Monday, December 22, 2008

Necessary blessing check

I need to count my blessings.

Serious! I NEED to turn my face to the positive stuff in my life.
Because the negative is getting me down.
And down.
And down.

Kinda like a toilet bowl...swirling...swirling...

OK, that was a little graphic. but you get the idea.

I don't want to be alone for Christmas.
Of course, I won't be ALONE alone. Not with four kiddos.
Who are, by the way, suffering from MAJOR cabin fever.
From being trapped in the house for a week.
And the snow just keeps getting deeper.
And mother keeps getting more morose by the minute.
And the anticipation of Christmas is building.
And our plans are being cancelled.
and...and...and...

So I was outside shoveling the walkway earlier.
Which is against my personal philosophy.
But it had to be done.

And started praying. Out of desperation. As the tears are freezing on my face.
"Why, God? Please help me! You can fix this! or at least fix my heart."
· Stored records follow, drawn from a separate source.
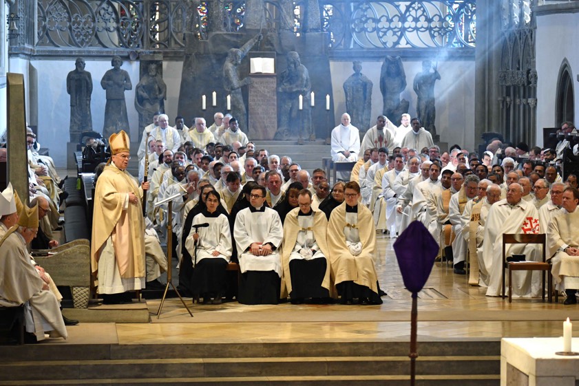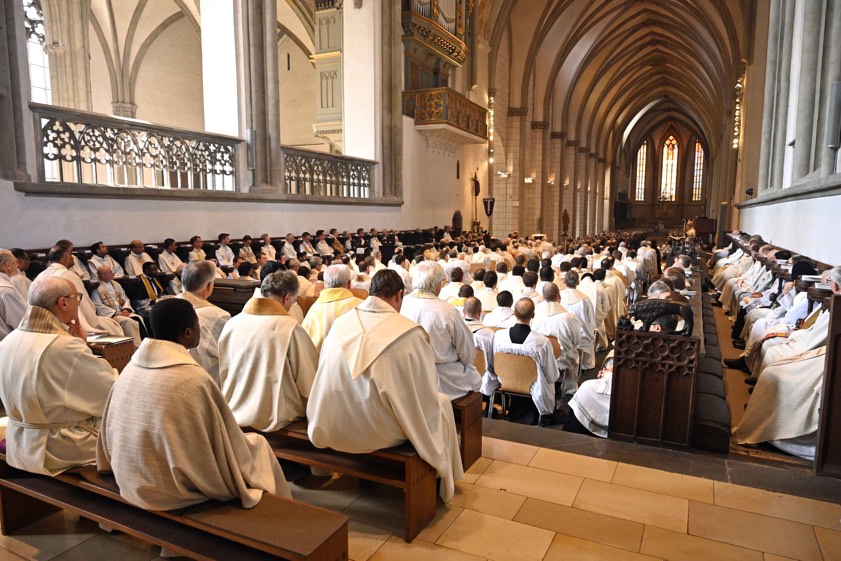 Zu Beginn seiner Predigt zeichnete Bischof Meier ein kirchliches Panorama, das eingerahmt ist von den Ergebnissen des Synodalen Wegs hierzulande und dem weltweiten synodalen Prozess, der mit dem Abschluss der kontinentalen Phase im Herbst in die Bischofs-Synode münden soll. "Was bei uns bleibt und was viele von uns umtreibt, ist die Kirchen-Kritik, die auf eine anschwellende Unzufriedenheit mit dem Zustand des Volkes Gottes – gerade in Deutschland – schließen lässt." Das zahlreiche Erscheinen in dieser krisenhaften Zeit sei nichts Selbstverständliches, begrüßte er die Priester und Diakone, die seiner Einladung gefolgt waren.
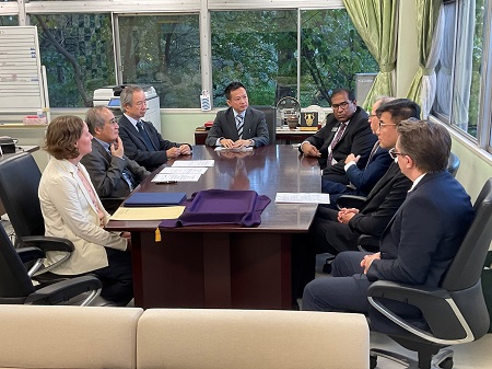 2024年11月7日、本学の学生交換協定校であるカナダのレジャイナ大学からJeff Keshen学長が来学されました。杉本義行学長、川﨑恭治副学長および黒木セーラ特別任用准教授と懇談し、今後の両大学の交流のさらなる発展の可能性について話し合われ、覚書(Memorandum of Understanding)の合意に至りました。
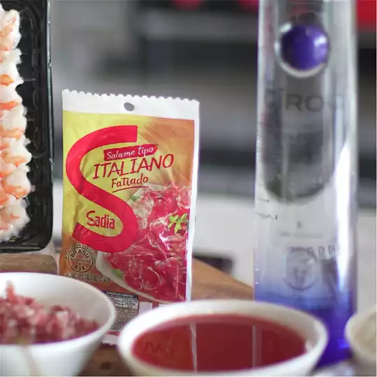 – Agora basta servir no copo com camarão da Qualimar grelhado.
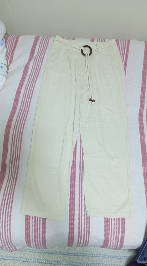Pamuklu kumaştan, beyaz renkli, bol kesim ve midi boy pantolon, kemerli tasarımıyla günlük şıklık sunar.

And He said "Why are you upset? I'm here with you all the time!"

No, I'm not nuts. Just having a conversation with God...
"But you aren't flesh and blood. You've given me someone special and I can't get to him because of this weather!"

"you're right. I DID give him to you...and you to him. In fact, I've given you LOTS of things and here you are whining."

Didn't I just say that to one of my kids this morning when he wanted to open a Christmas gift early?

Yikes.

"But I can't shake this, God. It hurts and I have to fight constantly not to cry. It hurts!"

"Then when you get to be with him, won't you be grateful? Won't take him for granted, will you?
What about your other blessings? Try being POSITIVE, girl!"

hmmm, let's see if I can make myself feel better, shall we?
Prescription from the Master Physician...
  • A fine, gorgeous, upstanding man who loves me very much.
  • four beautiful kids
  • who are all healthy
  • and relatively well adjusted in spite of me.
  • a roof over my head
  • with electricity
  • and heat. Which alot of people around here don't have right now.
  • Have enough to eat. May not be what we LIKE and requires me to use my brain, but...
  • Have lots of people who care about me. Even if I am alone.
  • Have clean clothes.
  • Have a future to look forward to.
  • Only pipes that broke were in the garage. and I was able to shut off water to them without shutting off water to the house.
  • I can read.
  • I can sing.
  • I have lots of time to catch up on those sewing projects.
  • I have lots of time to write on my blog
  • and send letters
  • and cards.
  • Time to read my Bible.
  • And read my new Midwifery Today magazine! Got a subscription for Christmas. YEEHAW!
  • None of our mommy's that are due have gone into labor in this awful snow.
  • I'm healthy. My hernia hasn't strangulated yet.
  • The kids will have presents for Christmas.
  • I have access to a computer.
  • You are actually reading this.
I'm sure I'll write again, soon. Thanks for being here.
Wishing for God's peace in your heart and in mine.

1 comment:

Rebekah said...

I know how you feel from time to time- its easy to miss the simple blessing in life.